The instinct after a backup failure is usually to add another backup tool. GitLab's actual postmortem went a different direction: the highest-priority fix was assigning a named owner for data durability -- someone explicitly responsible for verifying, on a recurring basis, that every backup mechanism could actually restore data. Five backup mechanisms with no owner had quietly degraded into five backup mechanisms nobody was accountable for testing.

Architecture

The incident is really two failures stacked on top of each other: the mistaken wipe of the primary database, and then the much longer tail of discovering that recovery had no working safety net. Two diagrams separate those failures: the cascade that led to the data loss, and the backup topology before vs. after GitLab rebuilt it.
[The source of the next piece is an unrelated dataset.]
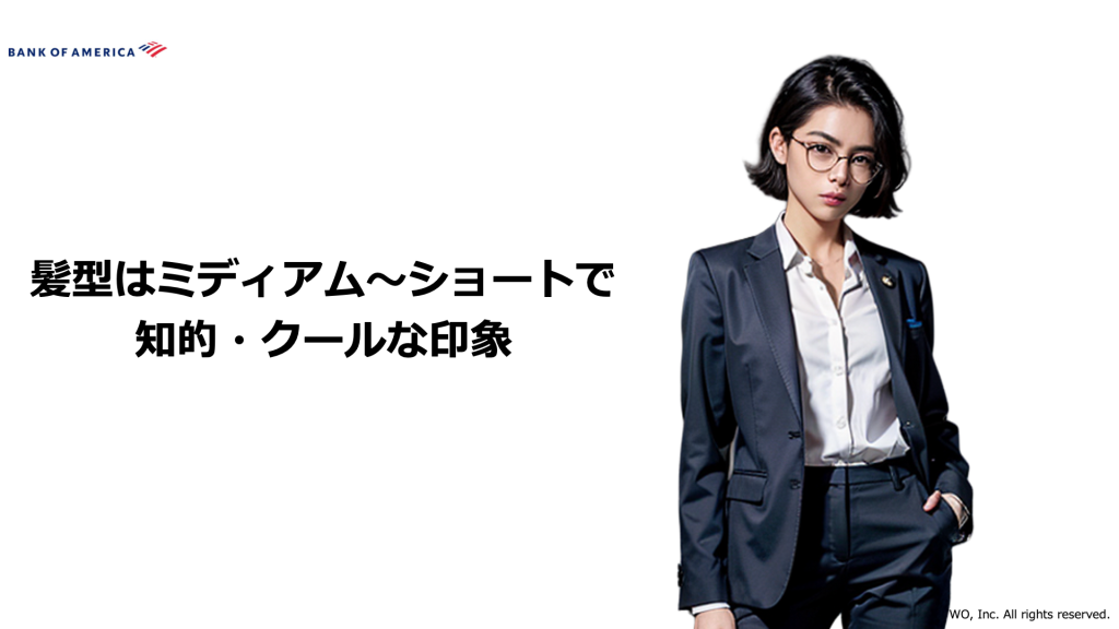 「BofA証券」の女性社員を擬人化した場合、どのような外見になるでしょうか?

The Cascade: From Replication Lag to a Wiped Primary

Before vs. After: GitLab's Backup Topology

What to Notice in the Cascade

Notice that the data-loss event itself -- the mistaken wipe -- took one to two seconds. Almost everything that made this incident severe happened afterward, while engineers discovered, one mechanism at a time, that their safety net had more holes in it than backup paths. The 'before' topology diagram shows exactly why: every arrow pointing away from the primary represented an assumption, and none of them had a named owner checking whether the assumption still held.

Lessons

GitLab's decision to publish this postmortem in full, including a livestreamed recovery and a public incident document, made it one of the most studied database failures in the industry. The specifics are GitLab's, but the structural failure -- backups nobody verifies -- shows up in nearly every infrastructure team eventually.

What to remember

A backup that has never been restored is not a backup -- it's an assumption. GitLab had five separate backup and replication mechanisms. Four were broken, and none of the breakage was discovered until the moment recovery actually depended on them. Assign someone to regularly prove, by restoring, that backups work.
Make the current host impossible to mistake. The engineer who wiped the primary believed they were on the secondary because the two terminal sessions looked identical. A prompt, hostname banner, or confirmation step that makes production unmistakable is cheap insurance against exactly this mistake.
Validate cross-version compatibility for every tool in your backup chain, not just your application code. GitLab's pg_dump backups failed for weeks because the backup job's client version didn't match the database server's major version -- a mismatch that produced an error, but one nobody saw.
Failure notifications need a delivery guarantee, not just a send action. The pg_dump failure emails were sent every single day and rejected silently by the receiving mail server over a missing DMARC signature. A notification system needs to verify delivery, or alert through a channel that can't fail the same way email can.
Replication is a high-availability tool, not a disaster-recovery tool -- treat them as separate problems. GitLab's secondary existed purely for failover, and it was the first thing wiped in the attempted fix, removing the one resource that might otherwise have shortened recovery time.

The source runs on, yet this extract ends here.